Monday, July 30, 2007

Back From Berlin

After spending about 6 hours at Newark's ironically named Liberty International Airport last night, I am finally back from the Law and Society Meeting in Berlin. Here are some jet-lagged thoughts:

  • It's all about the hallways. I've been going to LSA meetings since 1994 (I remember watching the OJ White Bronco chase from the swim-up bar at the Arizona Biltmore with a number of equally mesmerized colleagues that year. -- I don't remember taking peyote, but that was the most hallucinatory moment of my life). LSA is always a very amorphous meeting -- the LSA umbrella is so big at this point that I'd imagine there are very few in the legal academy today who do work that couldn't be presented at LSA. Thus, the meeting can feel very disjointed, with lots of sub-groups and cliques. I spent lots of time catching up with old friends and meeting a number of people I know only through their work or their blogs, but it feels now more than ever like LSA is a number of different meetings that just happen to be occurring in the same time and space.
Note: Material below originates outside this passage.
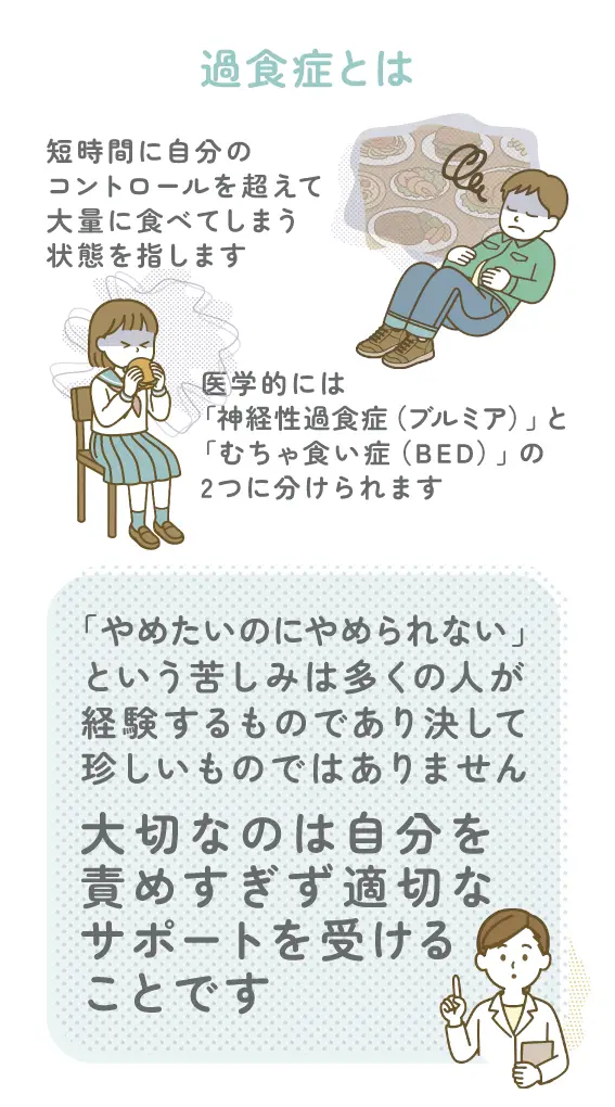 どちらも「ただ食べすぎてしまう」こととは異なり、強い衝動や心理的な要因が関与しており、れっきとした病気として医学的に認められています。

  • "New" is the new "(Re). The joke used to be that every LSA panel featured the phrase "(Re)Imagining" "(Re)Conceptualizing " or "(Re)Evaluating" in the title. Now, the thing seems to be "New". So there were panels on, at least, the "New Legal Realism," the "New Formalism," the "New Governance" and the "New Punitiveness". (Jeff Lipshaw has a very good post this morning on the "New Formalism" panel on which he appeared.)
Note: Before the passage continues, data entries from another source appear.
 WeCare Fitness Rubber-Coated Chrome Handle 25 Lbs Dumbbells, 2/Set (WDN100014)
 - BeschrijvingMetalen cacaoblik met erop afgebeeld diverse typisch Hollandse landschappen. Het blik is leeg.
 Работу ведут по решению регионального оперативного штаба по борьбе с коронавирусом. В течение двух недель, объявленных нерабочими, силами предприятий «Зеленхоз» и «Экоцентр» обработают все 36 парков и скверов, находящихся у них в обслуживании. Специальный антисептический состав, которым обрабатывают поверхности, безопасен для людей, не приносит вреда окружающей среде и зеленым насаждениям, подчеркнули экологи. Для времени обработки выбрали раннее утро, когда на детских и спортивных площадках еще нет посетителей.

  • Berlin is an incredibly evocative place. I know that there was a lot of discussion before the meeting about whether people of color could feel comfortable in Berlin in light of the recent racist attacks that have been taking place there. For those of us who are Jewish, being in Berlin presented a very different set of concerns. My mother was born in Berlin and left with her family in 1939, a full year after Kristallnacht; so it was strange to me that my comfortable and luxurious hotel was 2 blocks from the former SS headquarters, where the killing of Europe's Jews was meticulously plotted and carried out. The city is both full of reminders of the atrocities that were carried out there -- it has numerous monuments to the victims of the holocaust -- and in other ways completely detached from its past. For example, unless you knew its history, there are very few hints that 20 years ago a wall divided the city in two. Again, Jeff Lipshaw (whose family history seems eerily similar to my own) wrote about this some at Prawfsblog.